Tagline: “New Way Church: Welcome to Christianity 2.0”.

We cannot be the 1st mover in the “Christian church” category in Austin, obviously, so our goal is to create a new category: “Christianity 2.0”. We will sacrifice market leadership in whatever areas are necessary in order to focus on our unique values and offerings. We will focus on opposite characteristics and not on similarities with category leaders / first movers. The goal is to communicate our differences in a compassionate, non-argumentative way to those who are looking for something different.
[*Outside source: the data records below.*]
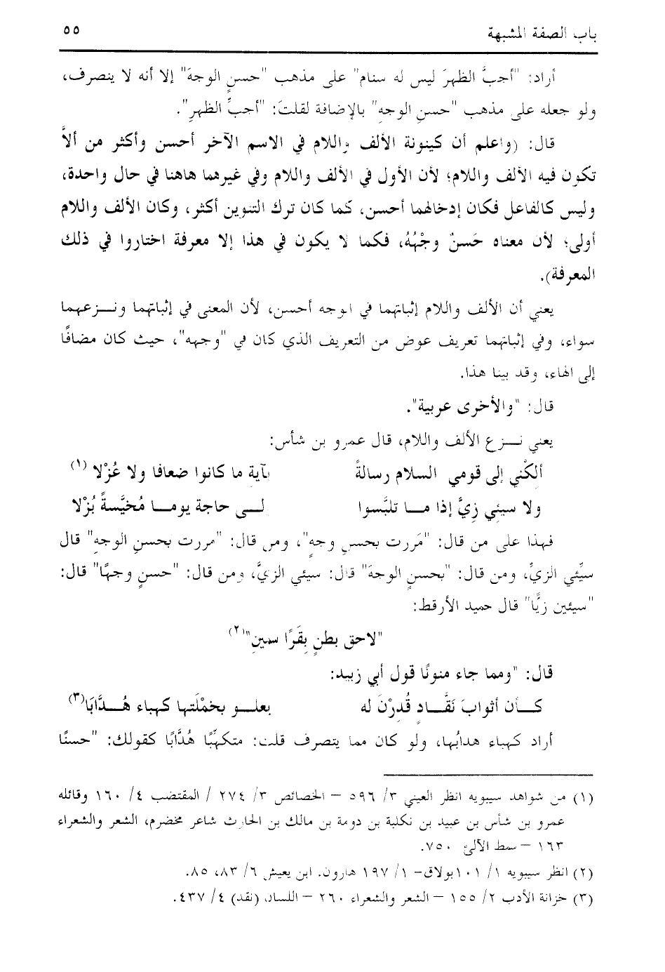فهذا على من قال: " مررت بحسن وجه "، ومن قال: " مررت بحسن الوجه " قال سيّئي الزيّ، ومن قال: " بحسن الوجه " قال: سيئي الزيّ، ومن قال: " حسن وجها " قال:
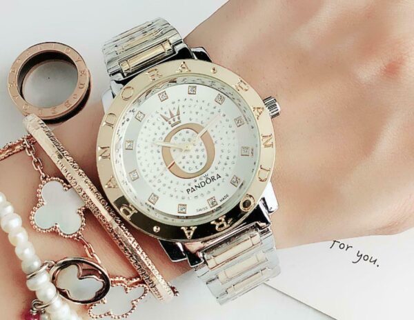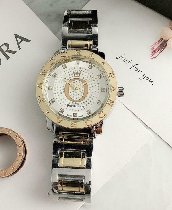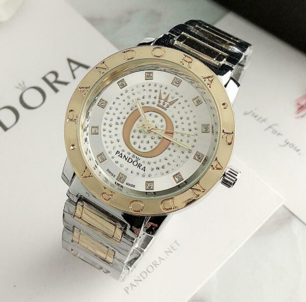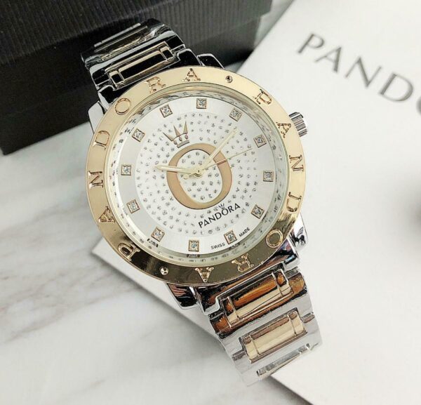 Γυναικείο ρολόι πολυτελείας PANDORA, αναλογικό, πολύ μοντέρνο, σε silver – gold χρώμα σε μπρασελέ και καντράν από ανοξείδωτο ατσάλι υψηλής αντοχής και ποιότητας για καθημερινή χρήση και με ενισχυμένο αντιθαμβωτικό τζάμι στο καντράν του! Αντιαλλεργικό, σύμφωνα με τις απαιτήσεις της Ευρωπαϊκής Ένωσης! Διακοσμημένο εσωτερικά με λευκά αυστραλιανά κρύσταλλα!
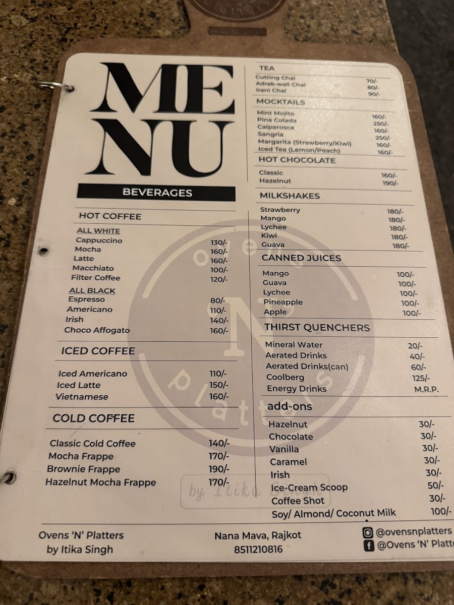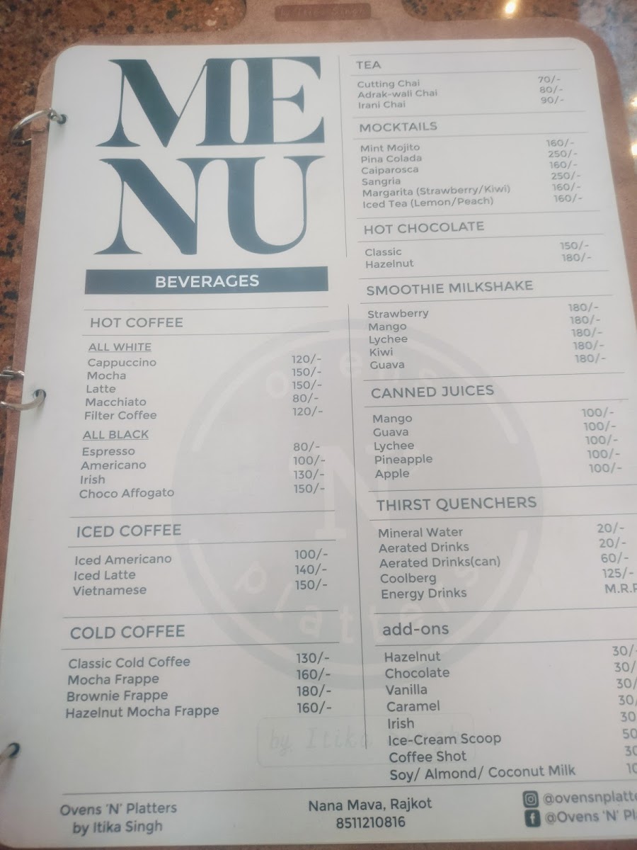 ovens ‘N’ platters Menu

Advertising will focus on the “New Way” brand, appealing to people who are spiritually minded but view traditional christianity as outdated and no-longer in synch with postmodern reality. E.g., “Imagine a New Way of seeing God”, “No satisfied Christians here”, etc. Affiliation with the “New Church” umbrella brand will be clear. “New Way” draws on early apostolic Christianity’s original name, “The Way”, while also subtly evoking a more eastern, wholistic approach to spirituality. By tagging the brand with “Christianity 2.0” we emphasize the “New” in “New Way” and “New Church” in a way that appeals to postmodern tech-savvy adults looking for something more than just another flavor of old-school organized religion.

[This is from the Launch Plan for New Way Church in Austin, TX. Yesterday we talked about the commitment to No Premature Real Estate. Tomorrow I’ll explain Service Evangelism.]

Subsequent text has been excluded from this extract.